Ануфрий не сдавался.
- Взрослый ты человек, Кузьма, сыну вон двадцать лет стукнуло, - кивнул в сторону Нефеда, который как раз вошел в горницу с горшком тушеного мяса в руках , - а словно дитя легковерное лепечешь. «Кличь!», «Земля поднимется!» Может, она и поднимется, да ведь надо и оружие, надо и одеть ратников, накормить и напоить, деньги платить за службу. А ты, я слышал, не ахти как богат. Или, может, ты темный богач? Толстую мошну где-нито таишь? В стене замуровал али в землю закопал в потаенном месте?

Минин улыбнулся неожиданно.
- Чего таить, богатство мое на виду: что у всех, то и у меня! Что же, по – твоему, народ наш веками трудился и ничего не наработал? Богата Россия, недаром на нее иноземцы зарятся! Если каждый поделится ради общего дела своим имением – не только на ополчение хватит, но и на другие дела останется! Вспомните, когда на селе или на посаде вдруг пожар случится, пускают шапку по кругу и собирают погорельцу даже больше, чем он прежде имел! И еще всем миром дом возводят для
137                него! Так и мы должны сделать. Шапку по кругу – на спасение России!
Мужики слушали, одобряли и посматривали на молчаливого Сеньку-хлебника.  Его  слово всегда было веским и главным. Шевельнулся Сенька, вздохнул.
- Ну что, мужики, все сказано, надо Кузьму Минича в земские старосты выбирать.
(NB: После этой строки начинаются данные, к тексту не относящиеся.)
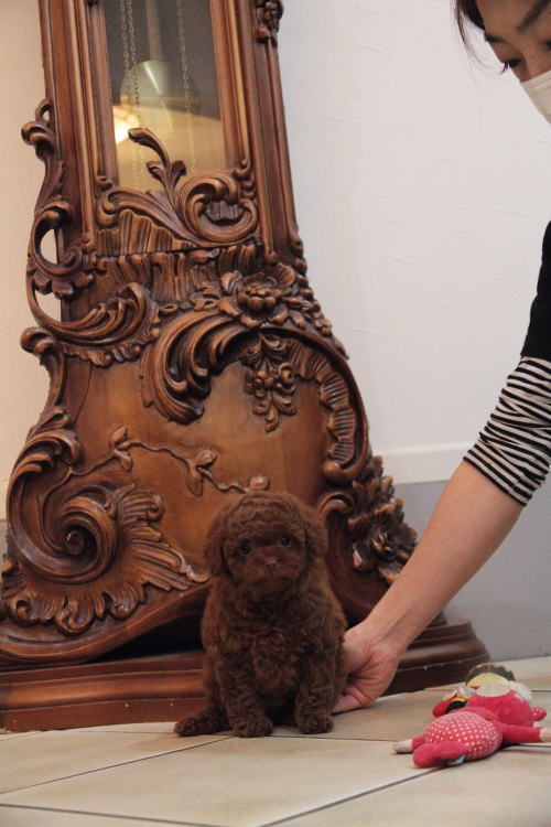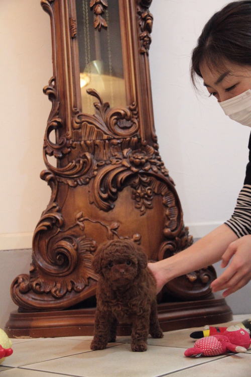 ★まん丸体系と目の女の子★ 成犬時の予想サイズが2.3kg位を予想している小振りタイニーサイズ予想の子です。 こちらの子は、とても可愛い子なのですが、鼻の色素が薄い為、通常価格よりお値段を引き下げております。月齢が浅いうちでの撮影となった為、まだこれから、もう少し濃くなります。 健康上や生活上には一切支障も無いのでご安心頂ければと思います。 顔は丸顔で、目は丸く大きく、マズルがドン詰まりで、顔はかなり可愛い子なので、鼻のお色だけが勿体ない!! 性格の優しい子で、おもちゃで遊ぶ時など、他の子犬達ととても上手に遊んでいます。 毛色がとても濃いディープレッドで、毛量抜群です!! 1回目のワクチン接種と健康診断が終わっており、すぐに引き渡しが可能です。 飼育の事やトリミングの事など、ご不安な点も、子犬の購入後の手続きの際に一つずつ丁寧にご指導いたしております。 ご安心して、お気軽にお問い合わせ下さいませ。 表示価格は現金特価となっております。 カードでお支払いのお客様は260,820円(税抜241,500円)でございます。 当社で飼育の際に実際に使用しているゲージやトイレなどの生活用品の一式がセットになって37,800円の飼育セットの御用意がございます。 犬種ごとに選択いただくゲージも違いますので、初めての方は、ワンちゃんの購入の際に、同時に飼育セットをお持ち帰りいただく事をオススメしております。 ワンちゃんも使い慣れているので、不安無く新しい生活がスタート出来ると思います。 |
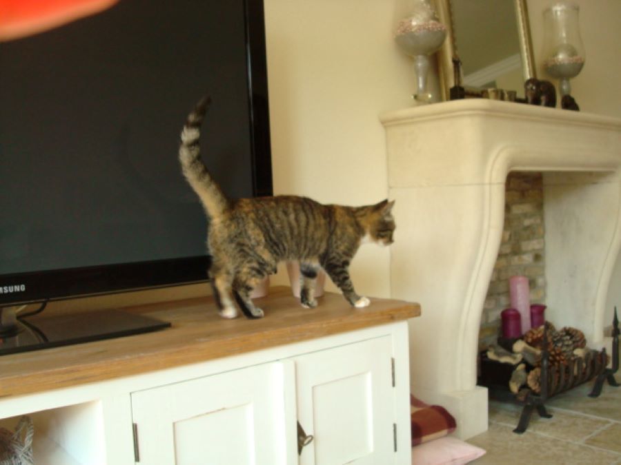 Toen Luna en Raya klein waren maakten ze meer gebruik van de krabpaal. Er werd dan een keer per jaar een nieuwe aangeschaft. Misschien hebben ze nu buiten een ander plekje hiervoor gevonden. Alleen Raya maakt zichtbaar gebruik van de krabpaal. Een krabpaal moet ook meegroeien, de katten moeten zich kunnen strekken. Er zijn diverse krabpalen te koop,waar ze ook op kunnen liggen. En wil je je kat verwennen met een zelfgemaakte krabpaal, kijk dan eens bij Freds bouwtekeningen voor leuke ideeën.

Он встал, поклонился хозяину и хозяйке за хлеб-соль и степенно пошел к двери.
Когда за ним потянулись к выходу другие гости, Фрол-кожевник обнял за плечи Кузьму и тихо проговорил:
- Опасное дело затеваешь.- И пояснил. – Скажешь слово в земской избе – и всем нелюб станешь. Московские бояре на тебя ополчатся, с ними, понятное дело – ляхи. Они же извели Ляпунова. А он был думный дворянин. Да и в нашем городе иные взвоют, ежели надо будет от своего каравая кусок отрезать. А ведь в посаде, почитай, две тыщи дворов, да полторы сотни дворов в трех монастырских слободках, да три сотни дворов дворян и детей боярских. А ну как на тебя поднимутся? Голову не то что отрежут – откусят за свое добро!
- Думал об этом! – просто сказал Минин, и горло у него перехватило от волнения. – Но нет страха в душе и голову готов положить за общее дело, ежели надо.
Зашелестела молва по посаду осенней листвой – Минин знает слово! Слушайте слово Минина!

И когда первого сентября собрались посадские в земской избе, они без долгих разговоров выбрали земским старостой Нижнего посада Кузьму Минина.
Много забот у старосты – всех рассудить, принять жалобщиков или спорщиков, на каждого разложить тягло – денежные сборы в городскую казну, подводную повинность, строительную и прочие повинности. С утра до вечера в земской избе. Но не только о городских заботах беседовал Минин. Всегда заводил разговор о российских бедах. Люди откликались на его слова, одобряли призыв ополчаться против иноземцев, и он укреплялся в своих помыслах.
138
В середине сентября в земской избе собрались старосты, объезжие головы, десятники и другие представители многолюдного нижегородского посада. Быстро решили обычные повседневные и новые дела, ибо посад взял на себя и некоторые государственные заботы: велели хитроватову Демьяну целовальнику в три дня вернуть в посадскую казну деньги, которые он хотел утаить, значительно преуменьшив доходы от питейного заведения; присудили посадить на неделю в «холодную» пьяницу Илейку, сапожного мастера, за драку с соседом; приговорили к битью кнутом на базарной площади бобыля Степку за разбойное ограбление купца Анисима в ночное время; но тут же сказали сурово этому купцу, что знают, от кого шел купец в такой поздний час и в каком он был непотребном виде, хмельной и очумелый от вина.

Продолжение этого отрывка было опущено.